= Beginning of Section =

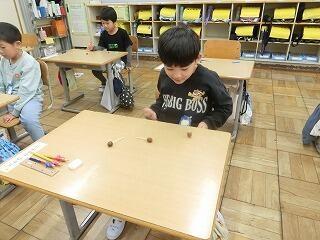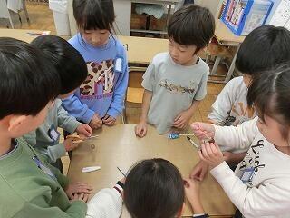 子どもたちはよく回るよう、指した爪楊枝の長さを調節したり、回し方を教え合ったり
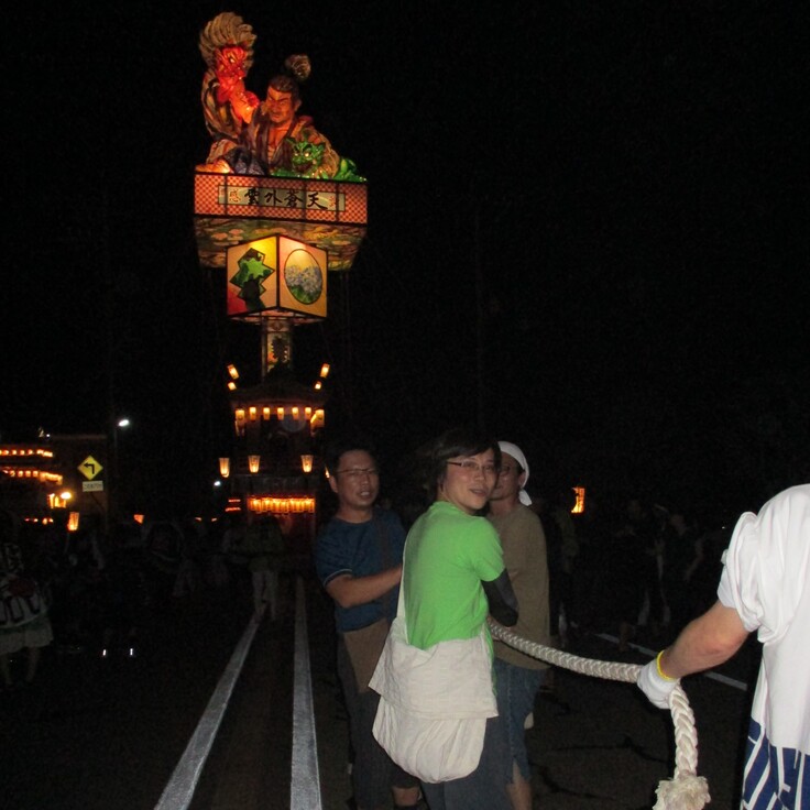 この時は、珠洲市の職員の方に、祭り会場を案内していただき、まつり関係者や地域の方々をご紹介いただきました。さらには、ご厚意で燈籠山も引くというサプライズも。
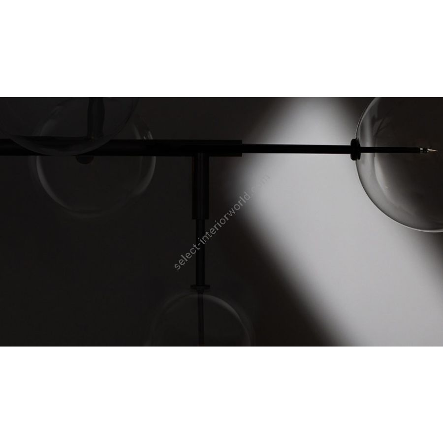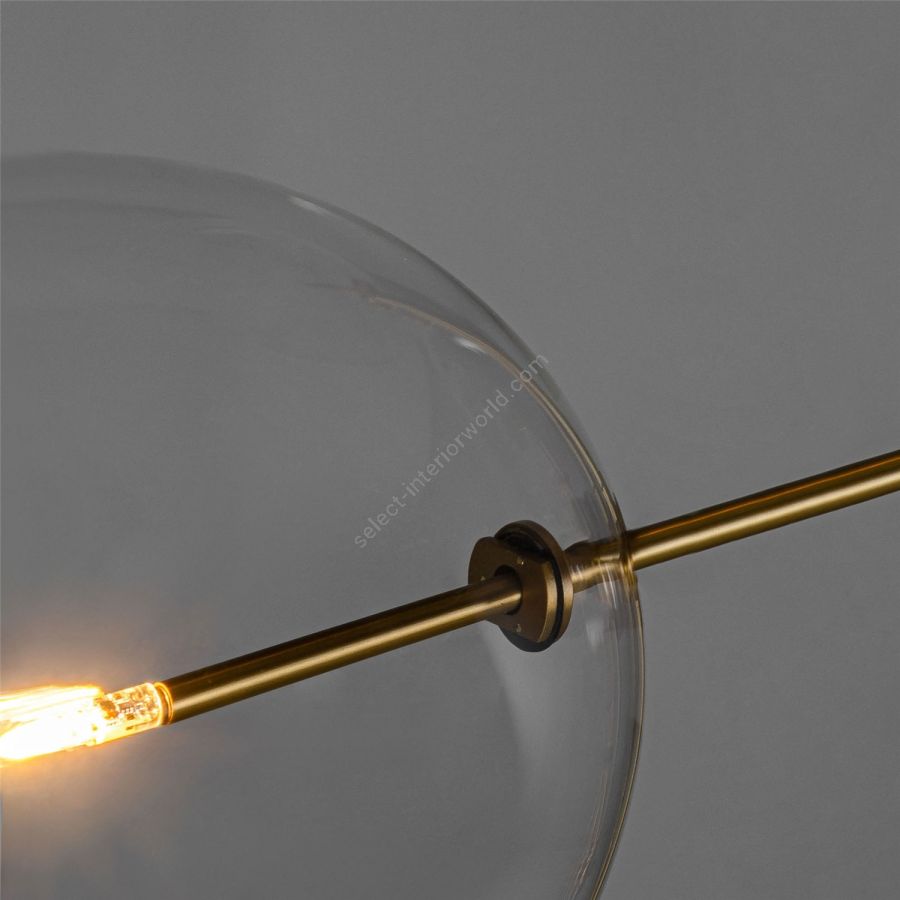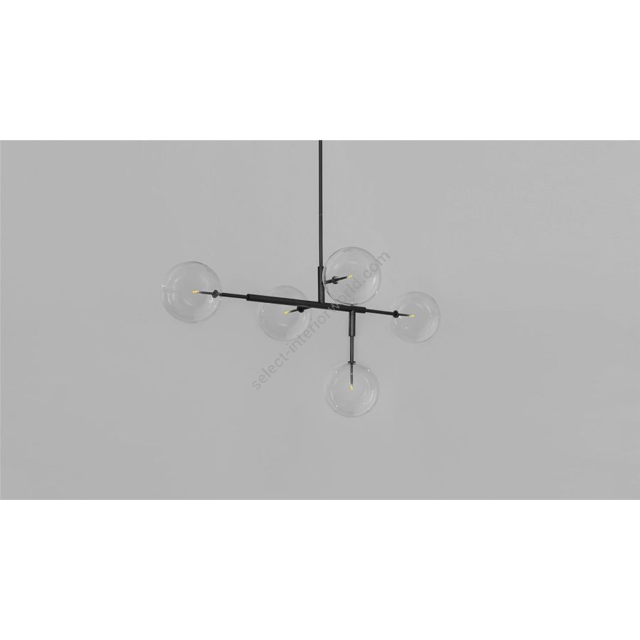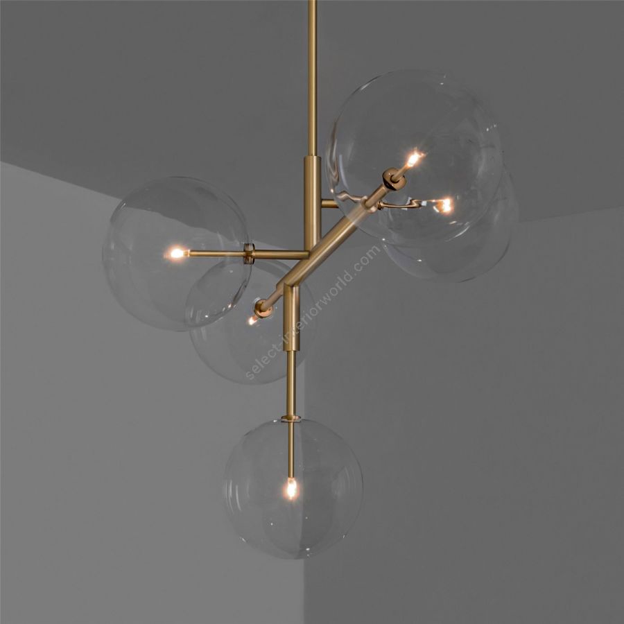 Five glass globes act as illuminated nodes upon a linear brass frame. A striking asymmetric geometry of clean right angles creates a contemporary fixture, a streamlined voyage.
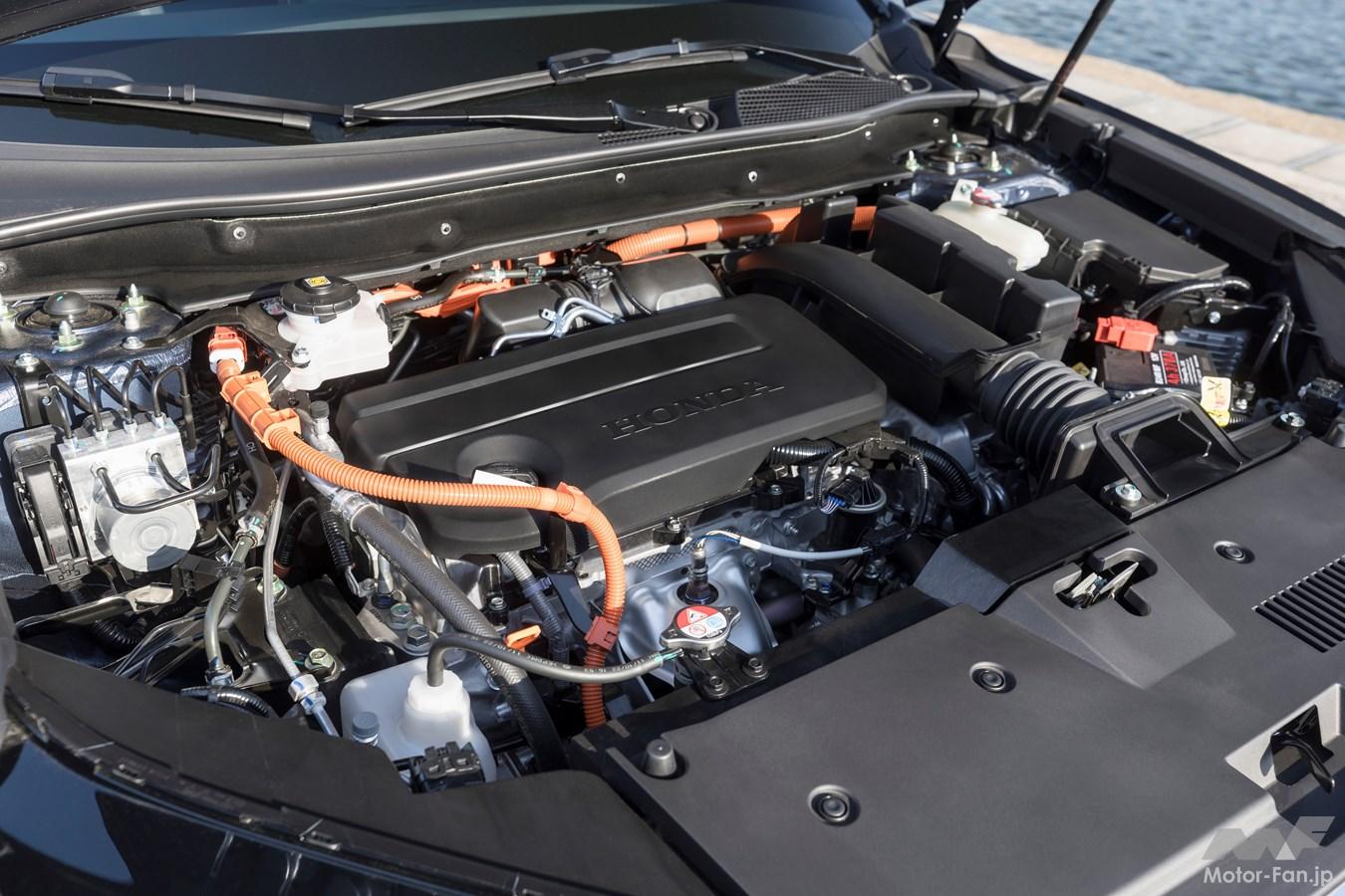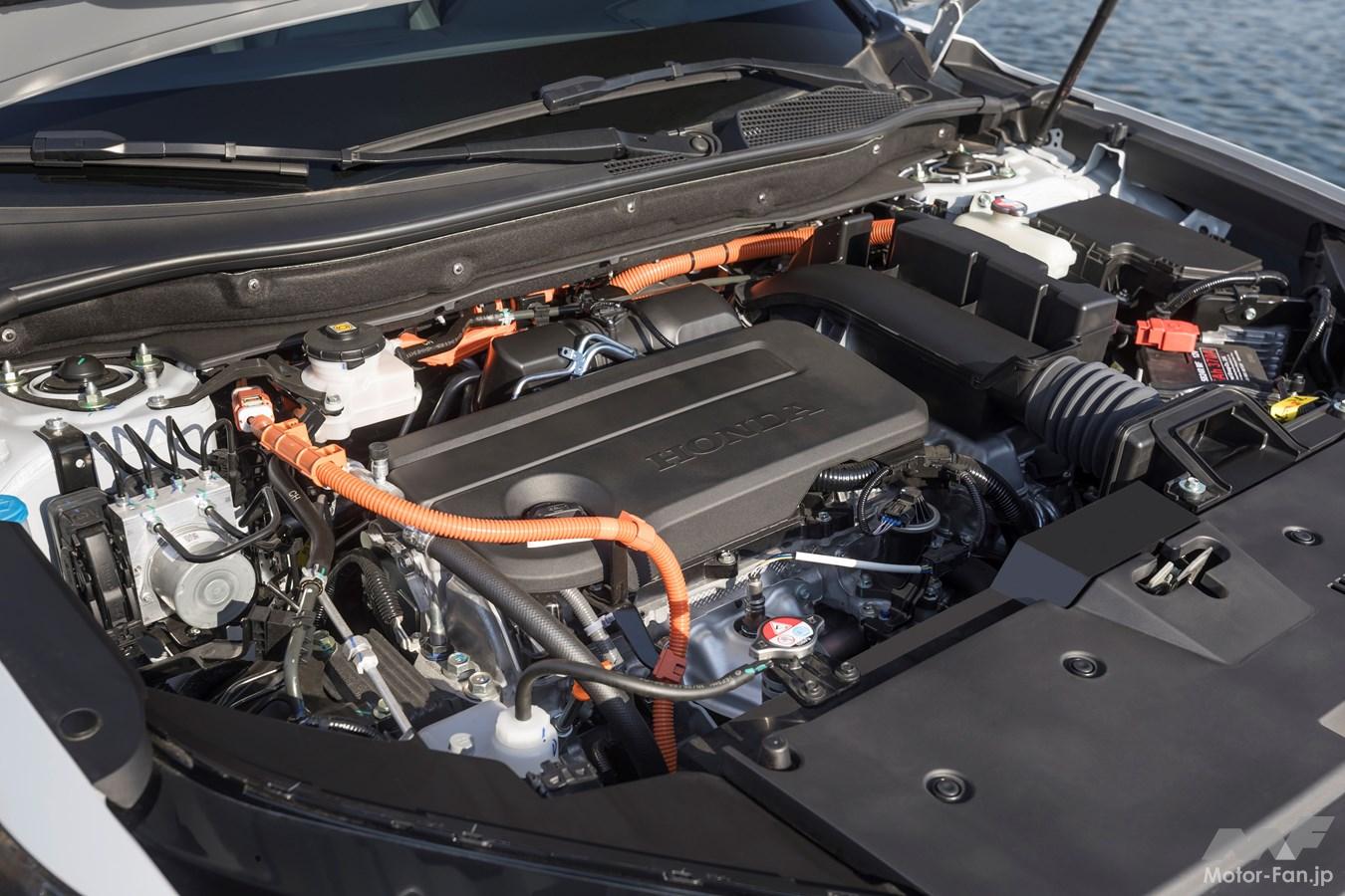 新型CR-Vのe:HEVモデルは、評価の高いフルハイブリッドパワートレインの最新版を搭載し、ガソリンエンジンと新開発の軽量デュアル電気モーター式オートマチックトランスミッションがシームレスに組み合わされている。この最新モデルでは、推進モーターとジェネレーターを別軸に配置することで、設計スペースを増やすことなく、トルクは6.5%アップの335Nmが実現された。また、モーターの最高回転数も1,500rpmアップの14,500rpmとなり、最高速度が7%向上した。
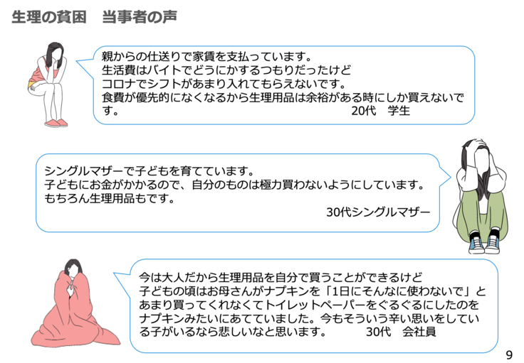 コロナ禍により、様々な活動の中から「生理の貧困」により苦しんでいる女性の声を聞くことが増えました。

= End of Section =

__Task objective__: With the pictures excluded, retype exactly the lines from the one containing "新型CR-Vのe:HEVモデ" through the last line of the listing, both ends included.

__Solution for this exercise__:
 新型CR-Vのe:HEVモデルは、評価の高いフルハイブリッドパワートレインの最新版を搭載し、ガソリンエンジンと新開発の軽量デュアル電気モーター式オートマチックトランスミッションがシームレスに組み合わされている。この最新モデルでは、推進モーターとジェネレーターを別軸に配置することで、設計スペースを増やすことなく、トルクは6.5%アップの335Nmが実現された。また、モーターの最高回転数も1,500rpmアップの14,500rpmとなり、最高速度が7%向上した。
 コロナ禍により、様々な活動の中から「生理の貧困」により苦しんでいる女性の声を聞くことが増えました。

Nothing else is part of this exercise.